Title:Cardiovascular Protection of Aspirin in Chronic Kidney Disease Patients:
An Updated Systematic Review and Meta-Analysis
Volume: 22
Issue: 4
Author(s): Ting Chen, Yunlei Deng and Rong Gong*
Affiliation:
- Department of Nephrology, Affiliated Hospital of Southwest Jiaotong University, The Third People's Hospital of
Chengdu, Chengdu, China
Keywords:
Cardiovascular protection, chronic kidney disease, aspirin, prevention, meta-analysis, bleeding, mortality.
Abstract:
Purpose: To evaluate aspirin's cardiovascular (CV) protective effect in chronic kidney disease
(CKD) patients.
Methods: We searched PubMed, Embase, Cochrane Library, and Web of Science (up to December
2022) for randomized controlled trials (RCTs) and observational studies comparing aspirin with placebo
in CKD patients for the prevention of CV disease (CVD). Efficacy outcomes included CVD, heart failure,
myocardial infarction, stroke, CV and all-cause mortality; safety outcomes included major bleeding,
minor bleeding, and renal events.
Results: Six RCTs and 6 observational studies, including 35,640 participants, met the inclusion criteria
and reported relevant CV outcomes, with a mean follow-up of 46.83 months. The pooled data showed
aspirin had no significant preventive effect on CVD events (RR=1.03; 95% CI, 0.84-1.27). However,
CV mortality was significantly reduced in the aspirin group (RR=0.74; 95% CI, 0.58-0.95).
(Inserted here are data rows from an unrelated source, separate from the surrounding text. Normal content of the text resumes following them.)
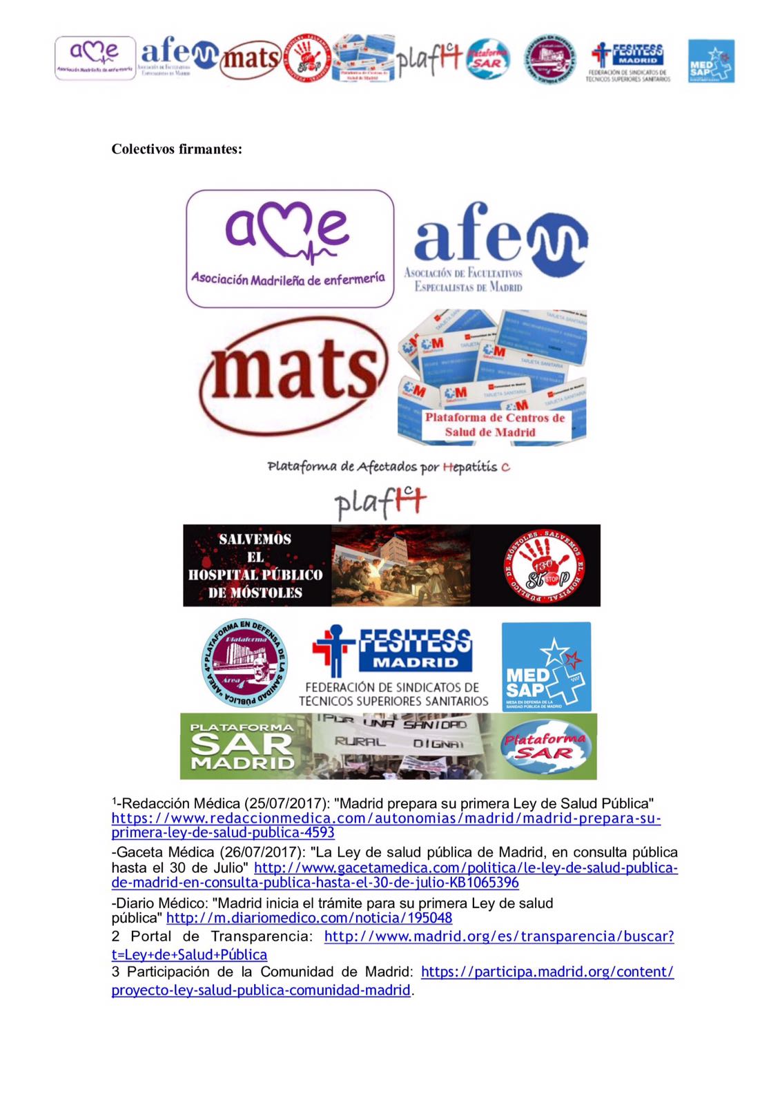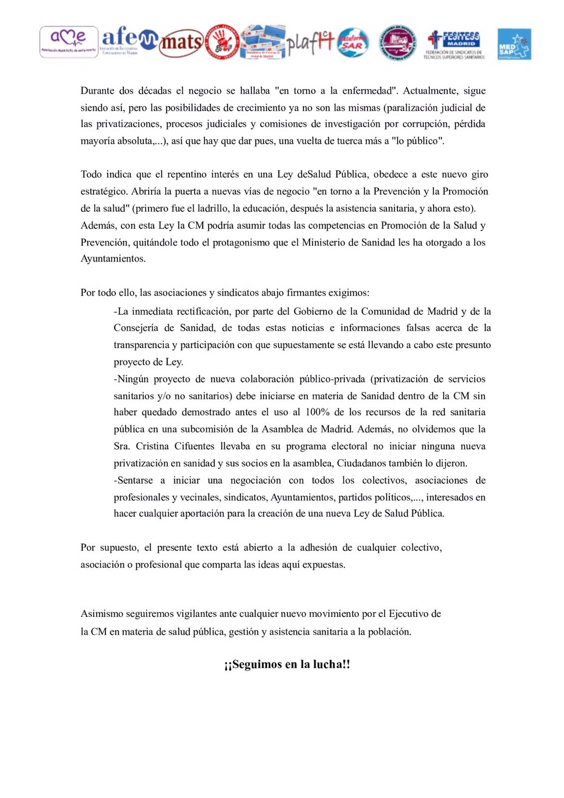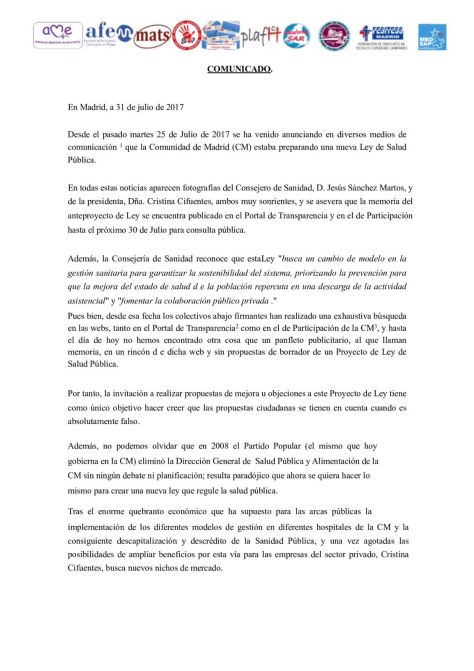 Firmado hasta el momento por diez colectivos, plataformas y sindicatos se ha emitido un comunicado dónde denuncian falta de transparencia y el afán privatizador de la Ley de Salud Pública de Cifuentes.
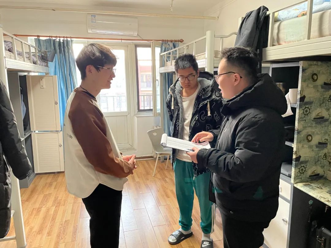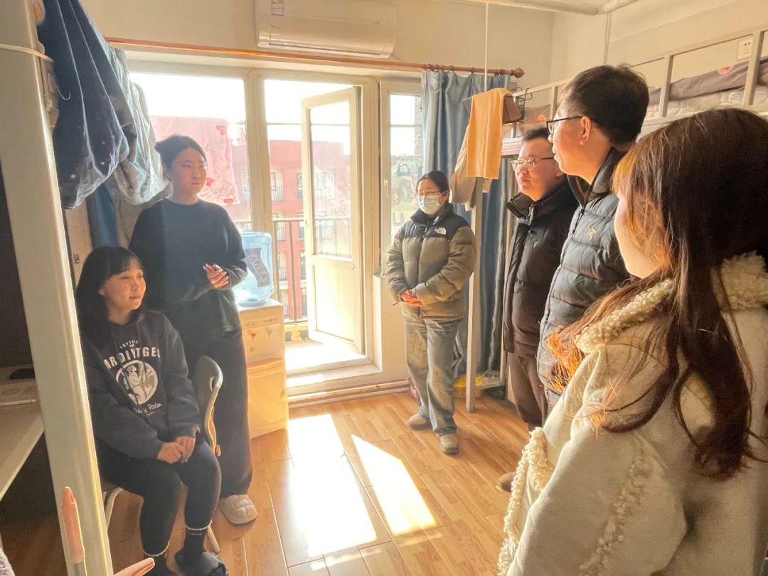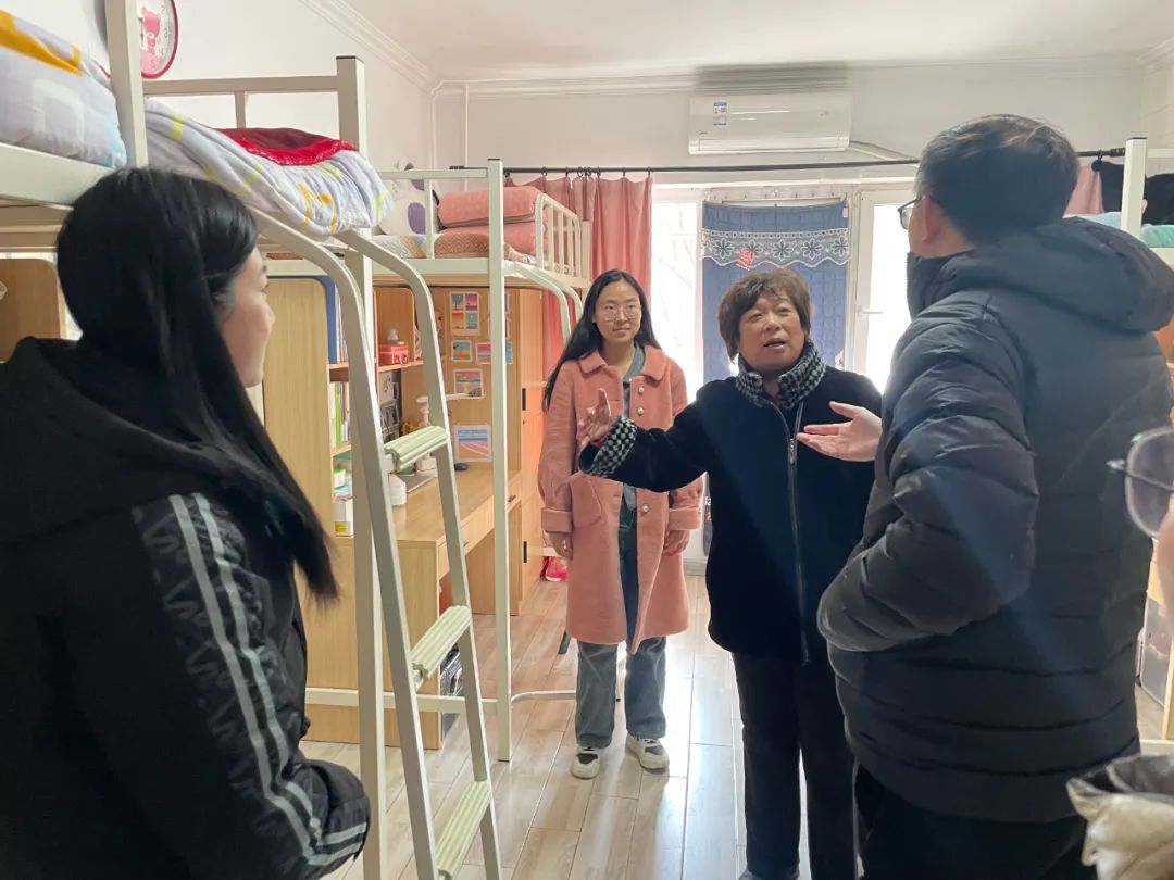 随后,经济系各年级辅导员陪同校领导走访员工寝室,走访过程中,与同学们亲切交流,详细询问了大家的思想、学习、生活情况,亲切的叮嘱员工要遵守校园管理规定,把最好的状态投入到新学期的学习生活中,践行好“博学笃行、种德修身”的校训精神,在新学期里勇敢追逐青春梦想。
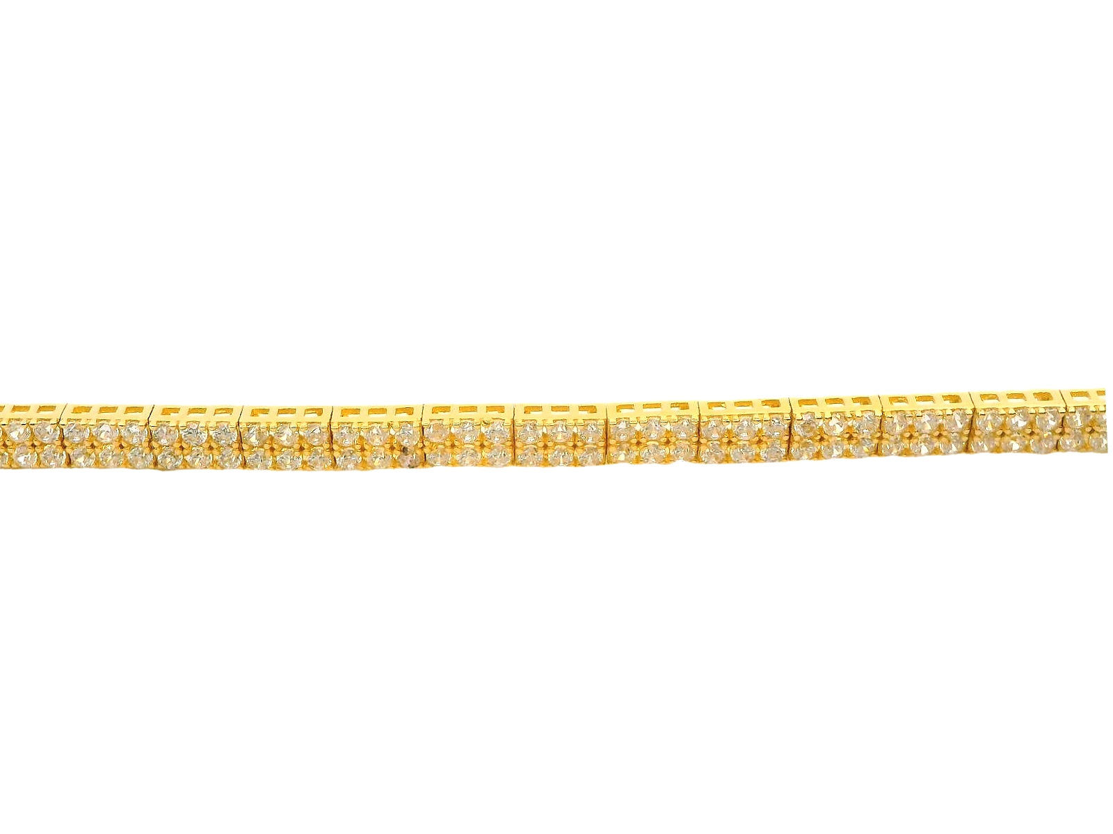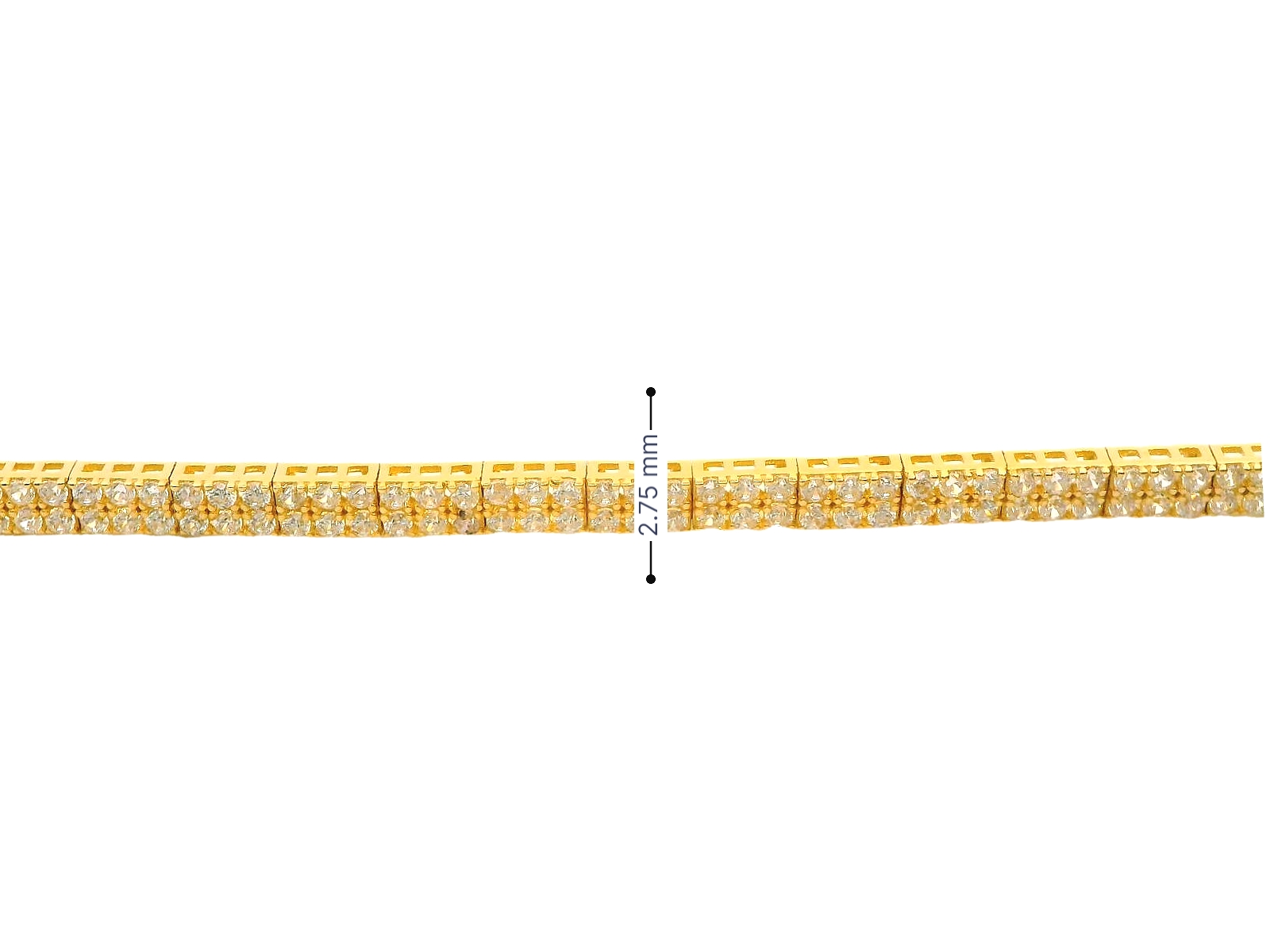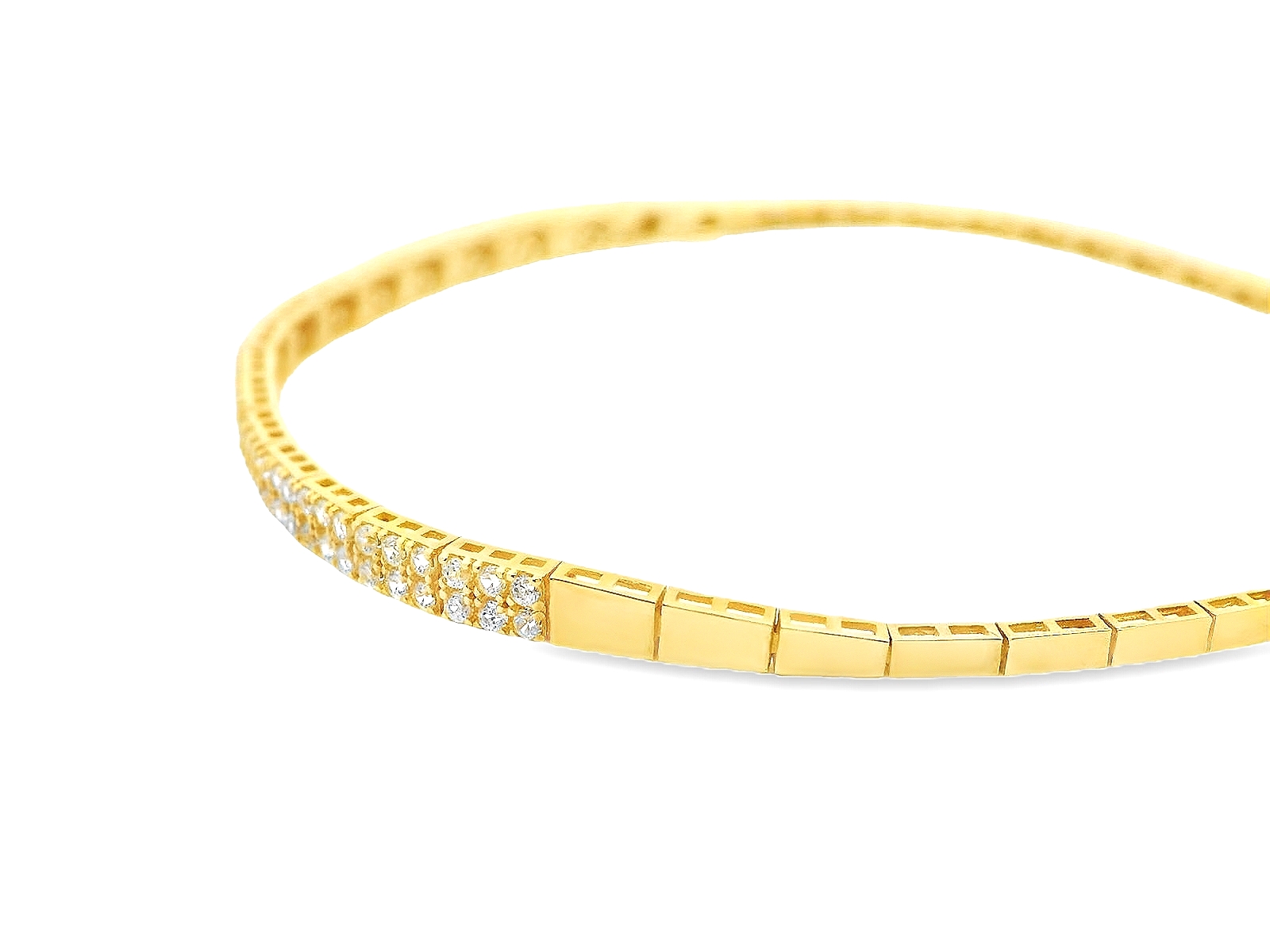 Deze armband met zirkonia's straalt elegantie en verfijning uit. Het prachtige geelgoud accentueert de schittering van de fonkelende zirkonia's, die subtiel in het ontwerp zijn verwerkt. De armband heeft een speels en uniek design, waardoor het een blikvanger is bij elke outfit. Het tijdloze karakter van het geelgoud gecombineerd met de sprankelende zirkonia's maakt deze armband perfect voor elke gelegenheid, of het nu een dagelijks accessoire is of een sieraad voor speciale momenten.
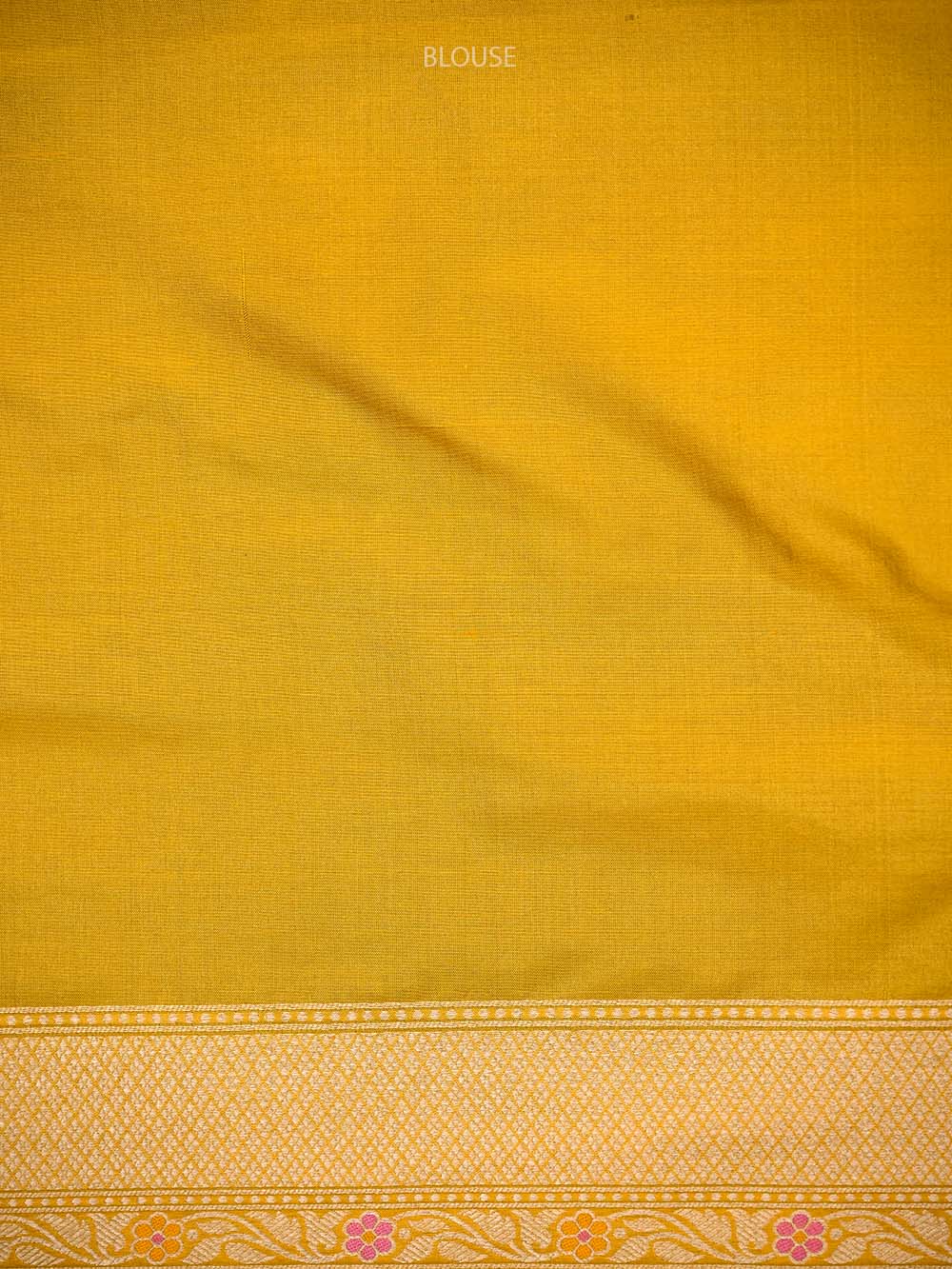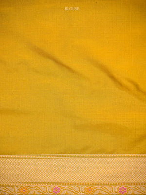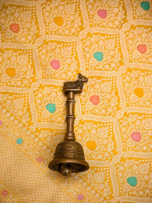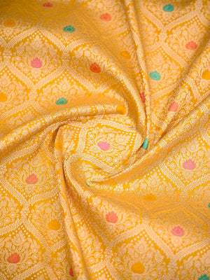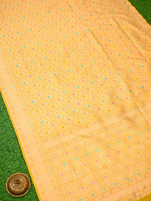 A Beautiful yellow color pure katan silk Banarasi saree with gold zari floral brocade all over.
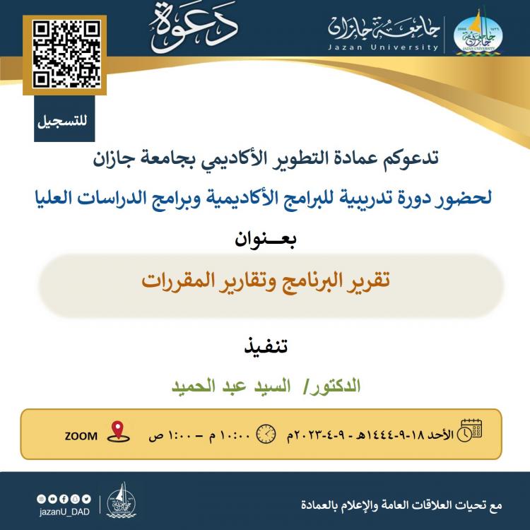 نظمت عمادة التطوير الأكاديمي دورة بعنوان : إعداد تقرير البرنامج وتقارير المقررات عبر برنامج ZOOM نفذها الدكتور السيد عبد الحميد مستشار عمادة التطوير الأكاديمي، وبحضور الدكتور على هندي عميد عمادة التطوير الأكاديمي، ووكلاء العمادة الدكتور هيثم حديدي والدكتورة طاهرة زيلعي حيث استهدفت أعضاء هيئة التدريس.

Furthermore,
aspirin use did not increase the risk of major bleeding and renal events but significantly increased
minor bleeding events (RR=2.11; 95% CI, 1.30-3.44). Renal events were significantly increased after
sensitivity analysis (RR=1.10; 95% CI, 1.04-1.16).
Conclusion: Aspirin did not prevent CV events, with a significantly increased risk of minor bleeding
and renal events. Besides, aspirin use had no statistically significant reduction in the risk of all-cause
mortality but had a statistically significant reduction in the risk of CV mortality.